Today, data determines the success of both online retail and e-commerce. High-quality data is required to enable these industries to speedily make critical and accurate decisions. E-commerce businesses also capture lots of sensitive consumer data, from payments to patterns, reiterating the importance of data governance in terms of regulation and compliance.
E-commerce businesses collect data from many sources, including web analytics, email and marketing tools, online transactions, surveys and more. This information is consolidated and consumed by the relevant stakeholders. Correctly implemented data governance initiatives ensure that these stakeholders have access to data and that the data is of high quality.
Governing and integrating these data sources in e-commerce means that teams can generate actionable insights on customers, trends, products, regions and more. These insights have a huge part to play in:
Digital outlets have a huge influence on the client of today. For instance, online reviews go a long way toward swaying customers. Customer journeys have also advanced with time. There is more data for e-commerce companies to record.
Data such as customer purchases, shipping details, inventory and more are interlinked and need to be updated seamlessly all through multiple platforms and systems. This responsibility is placed on various teams that may ultimately introduce data silos or irrelevant and obsolete data.
An efficient and unified data governance system helps e-commerce companies efficiently manage such distributed data. Such a system guarantees that data remains relevant and consistent across platforms and prevents data silos. This gives these companies greater visibility to escalate their operations.
Data should seamlessly circulate all through the ecosystem of stakeholders in the e-commerce and retail industries. Even though restricting data may limit the effectiveness of most industries today, the circulation of such data may give rise to safety and security concerns. Security breaches involving sensitive customer data often destroy relationships between customers and brands.
What data governance systems give e-commerce brands are security features such as two-factor authentication, data encryption and tokenization to help limit the accessibility to sensitive data.

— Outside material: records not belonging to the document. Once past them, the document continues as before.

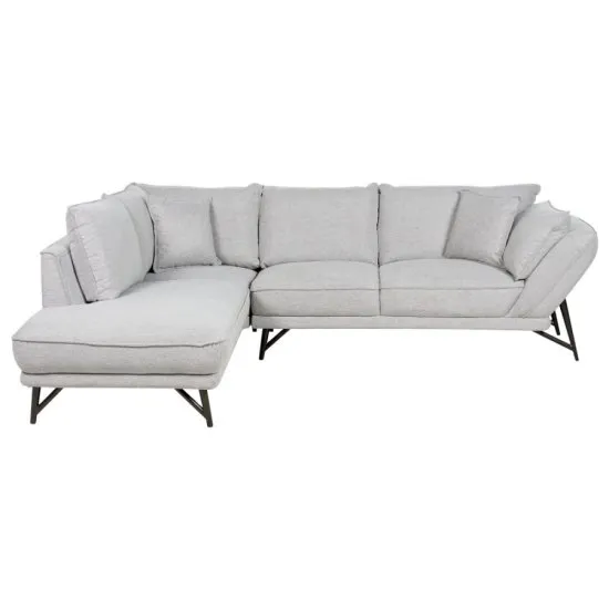 Narożnik Elga Narożnik Elga to doskonałe połączenie stylu i wygody, tworząc idealne miejsce do wypoczynku w Twoim salonie. Jego nowoczesny design i subtelny, szary odcień sprawiają, że doskonale komponuje się z rożnymi wnętrzami, dodając im elegancji i przytulności. Wysokie oparcia i miękkie poduchy na siedzisku gwarantują wyjątkowy komfort podczas relaksu. Całość wsparta jest na delikatnych, metalowych nożkach, ktore dodają lekkości i nowoczesnego charakteru. Uniwersalny narożnik do salonu Dzięki swojej uniwersalnej stylistyce, Narożnik Elga świetnie wpasowuje się w rożnorodne aranżacje - od minimalistycznych po bardziej klasyczne. Ten narożnik nie tylko zachęca do relaksu, ale rownież staje się stylowym elementem wystroju wnętrza, dodając mu wyrafinowanego charakteru.Narożnik Elga to nie tylko mebel, to zaproszenie do chwili wytchnienia w komfortowym i stylowym otoczeniu. Dlaczego warto wybrać narożnik Elga?Narożnik Elga to nie tylko mebel, to zaproszenie do komfortowego wypoczynku w stylowym otoczeniu. Jego staranne wykonanie, estetyka i wygoda, czynią go idealnym wyborem dla każdego, kto pragnie stworzyć przytulny i elegancki kącik wypoczynkowy w swoim salonie.Wybierając Elga, inwestujesz w mebel, ktory zachwyci zarowno Ciebie, jak i Twoich gości, stając się ulubionym miejscem do relaksu i spotkań towarzyskich. Cechy narożnika:Nowoczesny design, Narożnik Elga zachwyca swoim nowoczesnym wyglądem, ktory doskonale wpasowuje się w rożnorodne style wnętrz.wysokość: 80 cmJasnoszary kolor dodaje lekkości i elegancji, czyniąc narożnik uniwersalnym elementem wystroju.Narożnik 265x220 cmWysokie oparcia i miękkie poduchy zapewniają nie tylko wygodę, ale także przytulność, zachęcając do długiego relaksu. głębokość 220 cmKolor jasnoszaryKonfiguracja prawostronnyKształt Litera LMateriał lenMateriał nog MetalSzerokość 265 cmWysokość 80 cm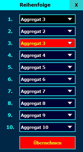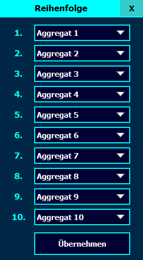 Hier wird pro Aggregat (je nach Vorgabe der Anzahl der vorhandenen Aggregate) ein DropDown-Menü dargestellt.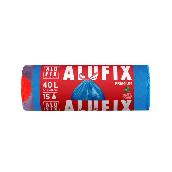 Vrecia na odpadky Premium, zaťahovacie , vyrobené z LDPE materiálu, modré. Vrece je pevné, určené do domácností alebo kancelárie a vďaka zaťahovaciemu systému veľmi praktické. Rozmer 53 x 60 cm, objem 40 litrov, množstvo 15 ks na rolke, hrúbka 20 mikrónov.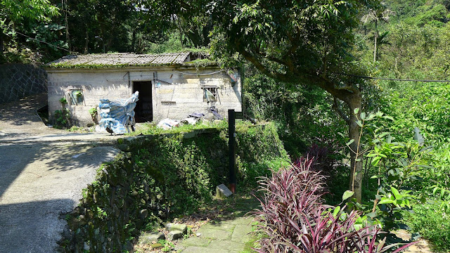 左前方有山徑往五指山、白石湖山,原本計劃從那上白石湖山再下龍船岩,時間看一看有點趕,直接續走右側馬路抄近路往龍船岩,走到路底沒路經民宅小徑到入口。
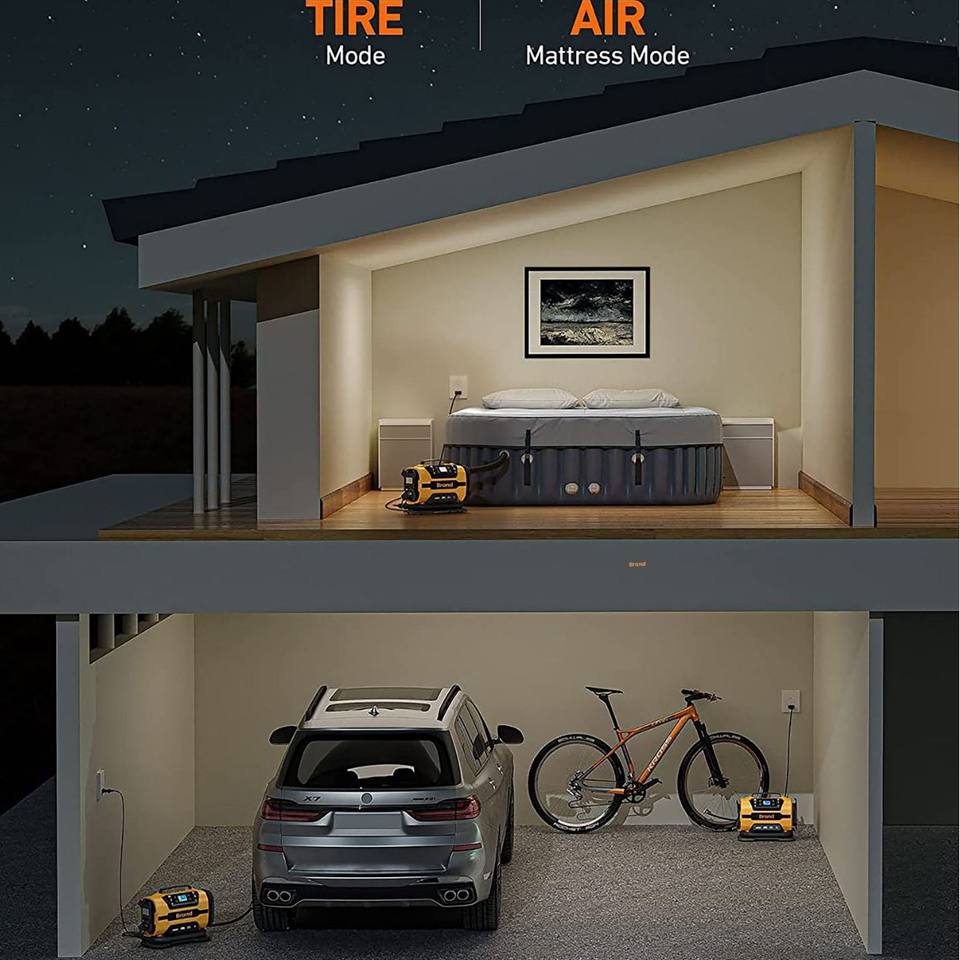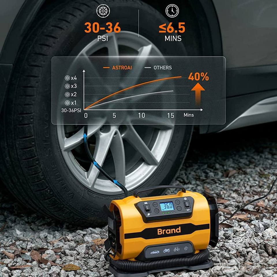 Pompe à air pour voiture en métal à double alimentation AC/DC 110-230V/12V avec manomètre numérique pour voitures, motos, vélos et ballons - Jaune/Noir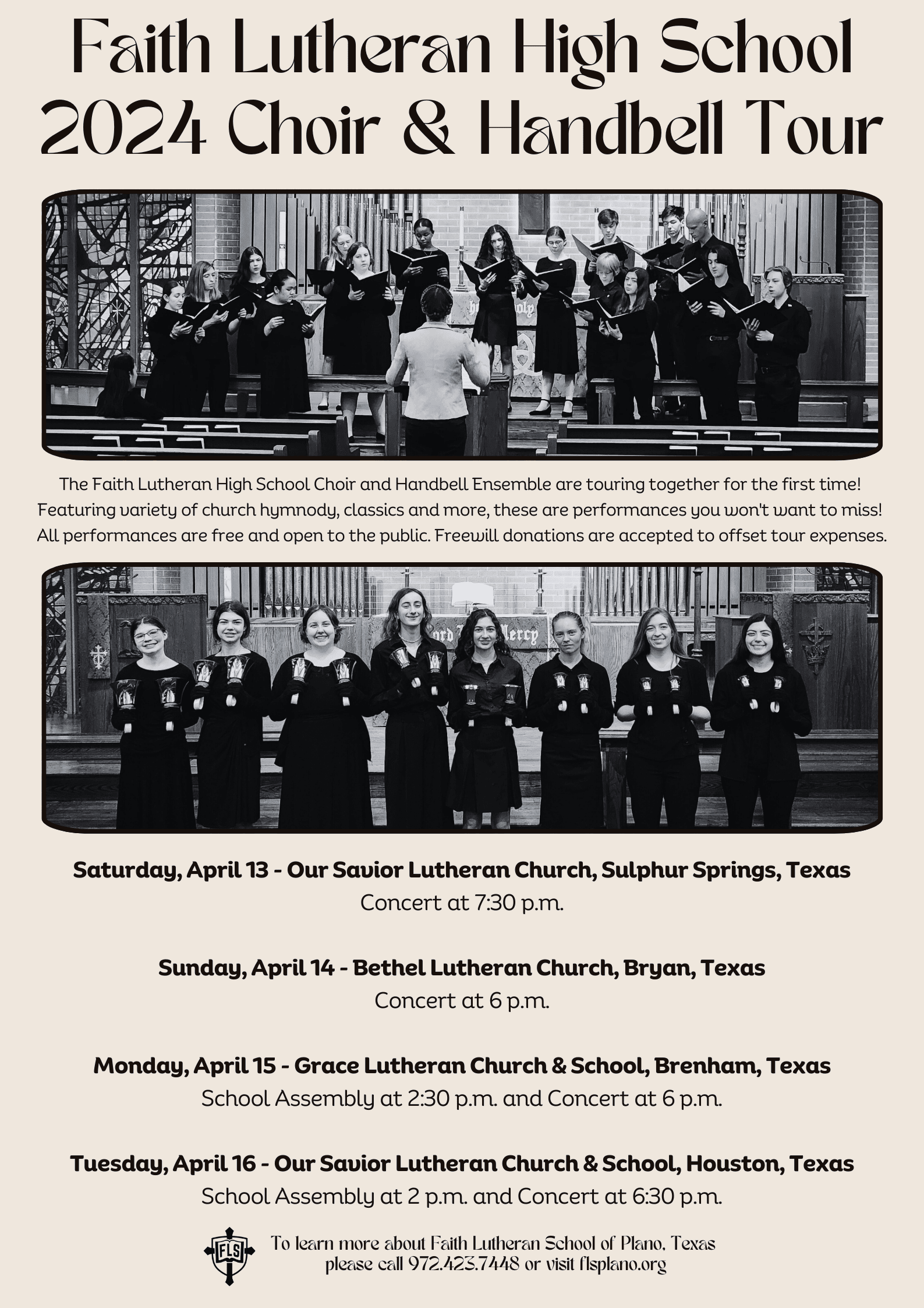 We are hosting the Faith Lutheran High School Choir and Handbells Ensemble April 14th. There will be a potluck with the choirs at 5:00 April 14th, with the concert starting at 6:00 p.m.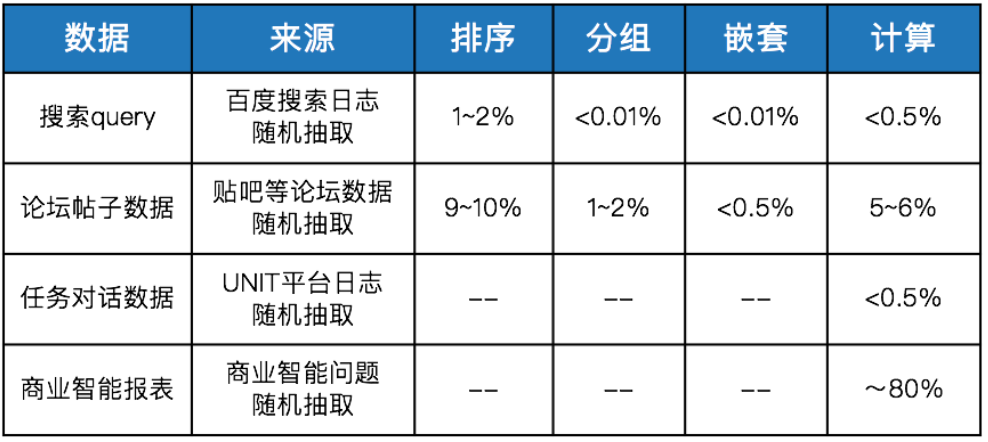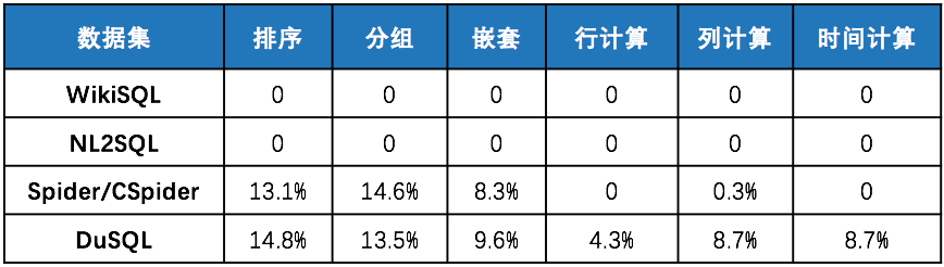 为了更好地覆盖实际应用中常见的问题类型,使构建的数据集在实际应用中发挥更大的价值,我们基于实际应用分析构建了多领域、多表、包含复杂问题的数据集DuSQL。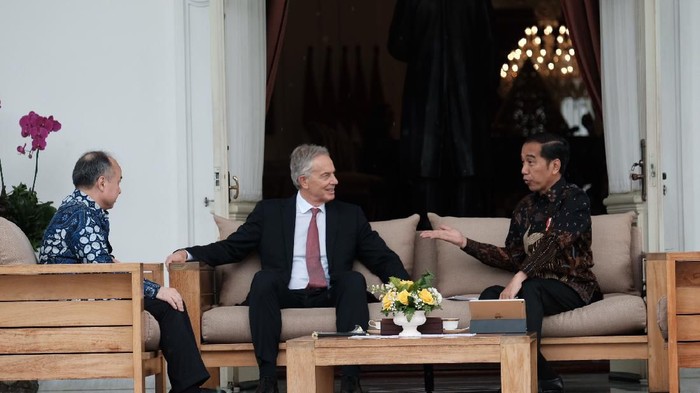 Tony Blair dan Masayoshi Son hadir di kompleks Istana Kepresidenan sekitar pukul 15.00 WIB. Keduanya langsung diarahkan bertemu Jokowi di Istana Negara.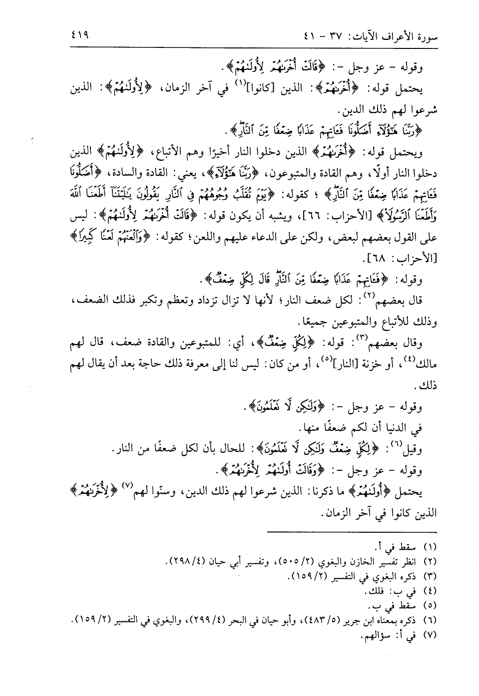 ويحتمل قوله: (أُخْرَاهُمْ) الذين دخلوا النار أخيرًا وهم الأتباع، (لِأُولَاهُمْ) الذين دخلوا النار أولًا، وهم القادة والمتبوعون، (رَبَّنَا هَؤُلَاءِ)، يعني: القادة والسادة، (أَضَلُّونَا فَآتِهِمْ عَذَابًا ضِعْفًا مِنَ النَّارِ) هو؛ كقوله: (يَوْمَ تُقَلَّبُ وُجُوهُهُمْ فِي النَّارِ يَقُولُونَ يَا لَيْتَنَا أَطَعْنَا اللَّهَ وَأَطَعْنَا الرَّسُولَا)، ويشبه أن يكون قوله: (قَالَتْ أُخْرَاهُمْ لِأُولَاهُمْ): ليس على القول بعضهم لبعض، ولكن على الدعاء عليهم واللعن؛ كقوله: (وَالْعَنْهُمْ لَعْنًا كَبِيرًا). وقوله: (فَآتِهِمْ عَذَابًا ضِعْفًا مِنَ النَّارِ قَالَ لِكُلٍّ ضِعْفٌ).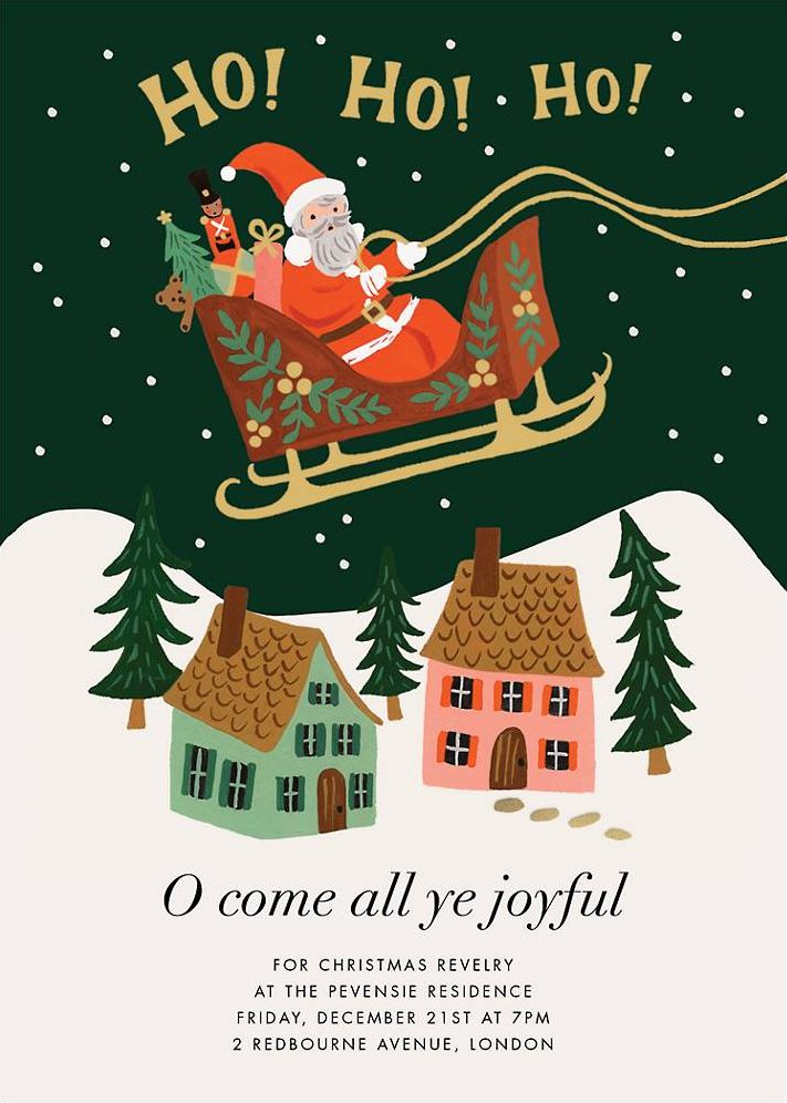 Santa and his sleigh full of gifts rides across the front of this holiday card for a dose of classic Christmas nostalgia. Designed by Rifle Paper Co. for Paperless Post.

The data repositories and warehouses kept by e-commerce companies may suffer from data inconsistencies. A change in one repository means that all the other repositories need to be updated to reflect the same change, which may become complex and overwhelming over time.
Inconsistent data impacts sales, revenues, productivity and overall strategy. However, a robust data governance system takes advantage of data pipelines to help curate, modify and thoroughly validate raw data. E-commerce businesses resultantly enjoy better data visualization and easier, faster and more accurate data analysis.
By improving efficiency and saving time, data governance raises the overall efficiency of e-commerce companies. Various teams can easily find the correct data and generate insights faster. They can also get much more accurate answers faster.
Data governance consistently tracks data quality and usage metrics. These metrics help e-commerce companies gain visibility into how various teams and stakeholders are using data.
E-commerce teams can highlight areas of subpar performance, gain a competitive advantage and discover new revenue streams using analytics.
With data governance, companies can arrive at accurate decisions speedily using high-quality data. Staff can access the correct data under the right controls to ensure that privacy and compliance are maintained.
For teams to be able to use data assets effectively and appropriately, they require data governance to help them capture and share ownership, responsibility and accountability of data. Additionally, staff know who are the experts to be contacted when questions and issues arise.
Data governance is proving to be a necessary component of e-commerce today. Correctly implementing a robust data governance solution will position e-commerce companies for new opportunities, greater security and customer confidence, more sales and e-commerce growth.